Sexual assault protest Saturday targets two student-athletes

September 7, 2001

MSU freshman tight end Eric Knott and redshirted freshman quarterback Damon Dowdell will not be welcomed by all to Spartan Stadium on Saturday.

A group of MSU activists are organizing a protest against the two athletes. Knott pleaded guilty to fourth-degree criminal sexual conduct and served 30 days in jail for the alleged rape of a 13-year-old Detroit girl in 1999. Dowdell was also charged in the case. He pleaded no contest to misdemeanor assault and battery charges last August. Dowdell joined the MSU football team in September, but he was redshirted because of the team’s depth at quarterback.

Supporters of the protest will meet at 10:45 a.m. on the second floor of the Union to march to the stadium for the 11:30 a.m. protest.

“We want to send the message to the university that winning is not as important as women’s rights,” said event organizer Cynthia Drake, an MSU alumna.

As a student at MSU, Drake coordinated different protests and was involved in activities such as Take Back the Night, an anti-rape event organized by MSU Safe Place, and The Listening Ear.

But she hadn’t planned on continuing her activism after graduation, until MSU accepted both Knott and Dowdell.

“I thought I was over the protest thing,” Drake said. “But when I heard (that MSU accepted Knott) over the summer it made me angry.

“It seemed like all the work had been ignored. My university was letting me down after all the work we had done.”

Organizations including MSU Safe Place, The Listening Ear and Planned Parenthood’s MSU VOX chapter will be outside the stadium Saturday to support the cause.

But Drake and the protest groups don’t seem to be alone. Many MSU students said they are not pleased with the university’s decision.

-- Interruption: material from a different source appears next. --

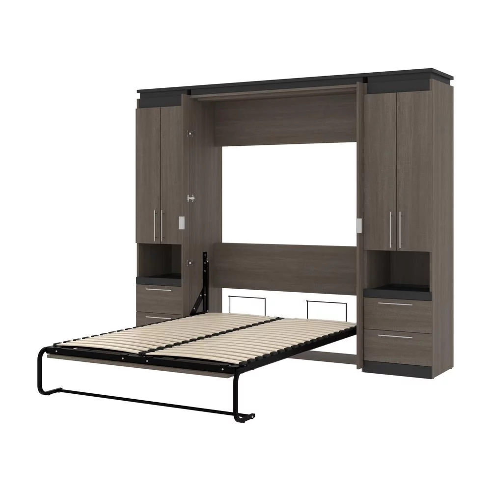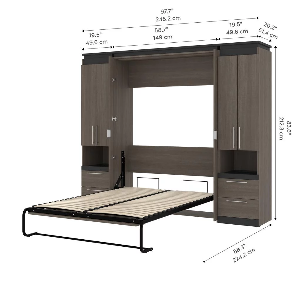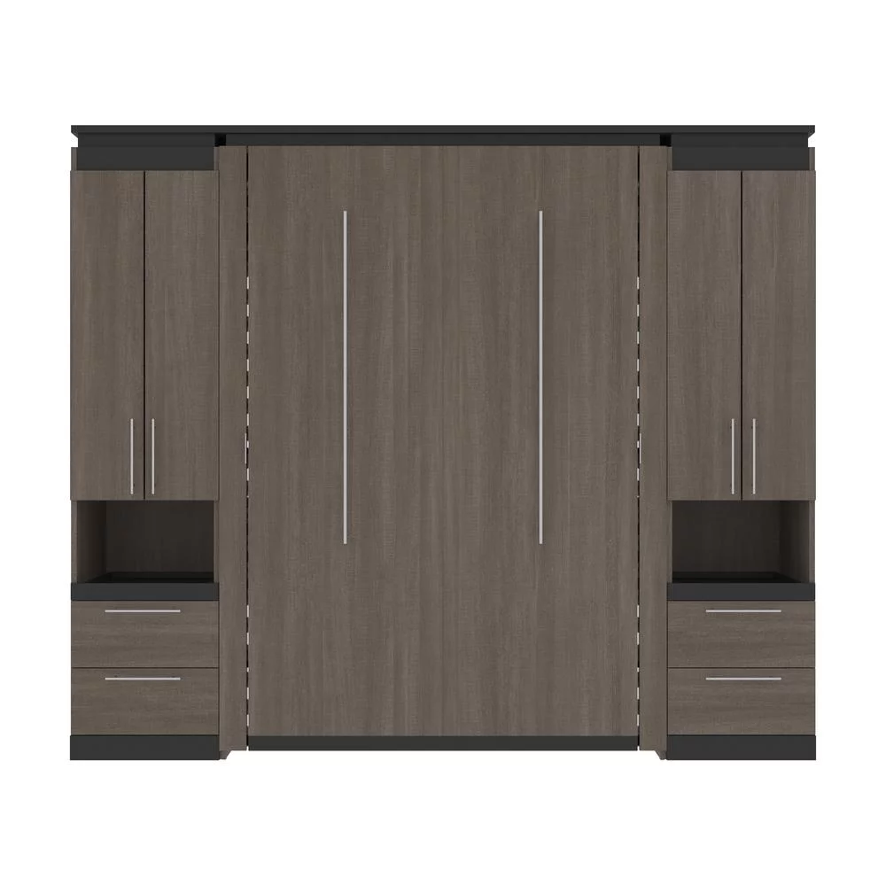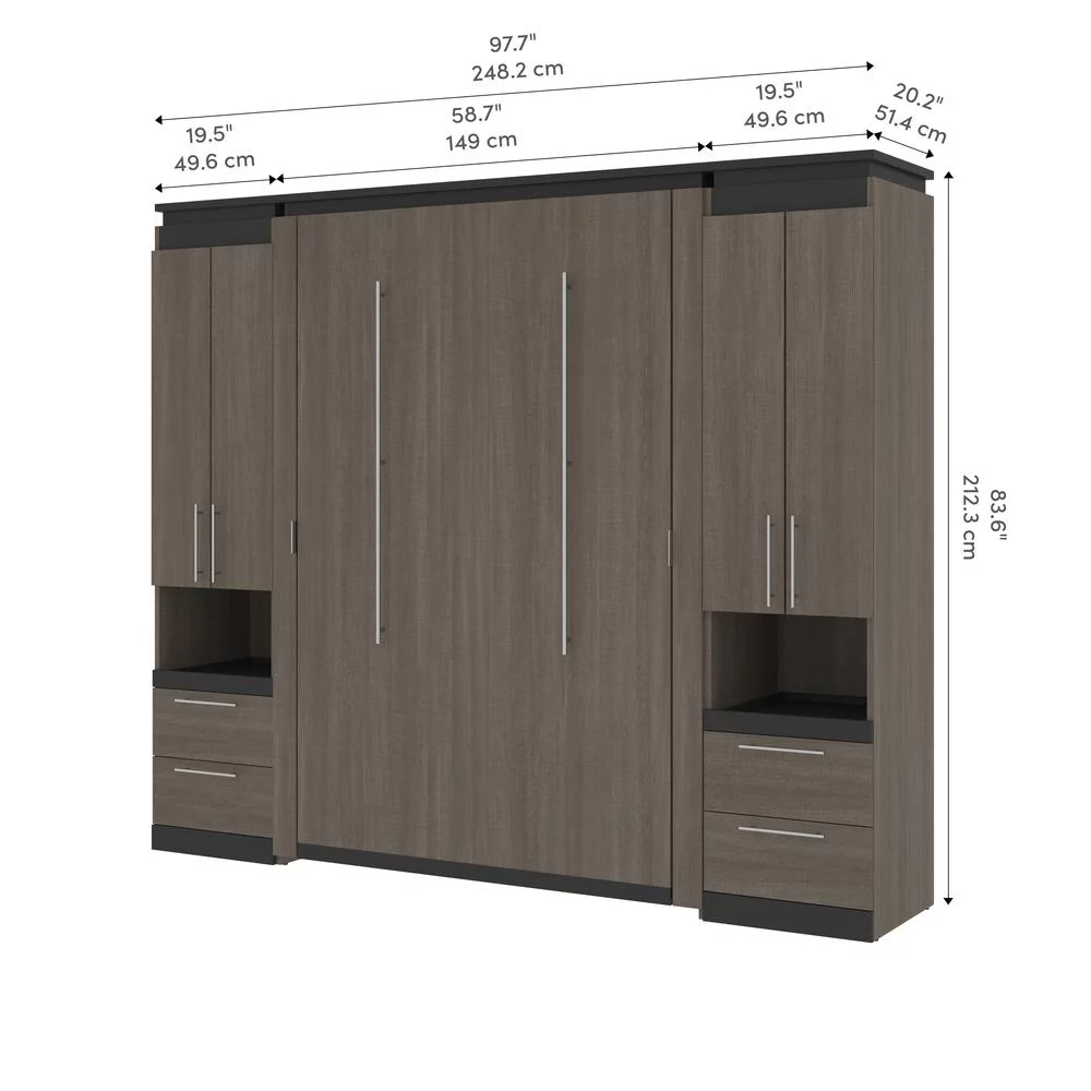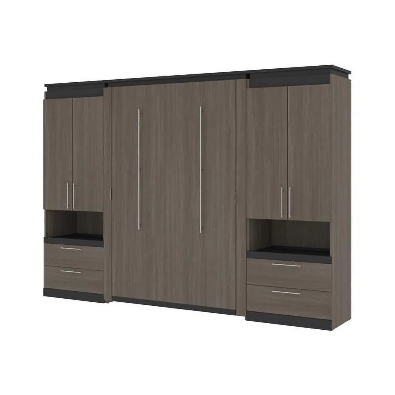 Bestar Orion 98" Full Murphy Bed with 2 Storage Cabinets in Bark Gray

“I don’t think (Knott and Dowdell) should be allowed to play on the team, no matter how good they are,” English sophomore Ashley Nebe said. “Michigan State is really well-known for sports, but it’s pretty easy to find a football player, they’re all over the place. To know that they did this and they brought them back on the team, I think that is kind of a black mark on Michigan State.”

Some students weren’t concerned with the football team’s record, but with their safety at MSU. Pre-law freshman Aja Wincher said it’s not a good feeling knowing that men accused of crimes the same rights as her on campus.

“That’s really messed up how they are just free and clear and everything,” Wincher said. “They should have been denied (admission).”

The protests won’t be held before every MSU game, but there’s a possibility that groups could continue to protest until the Penn State game on Nov. 24, Drake said.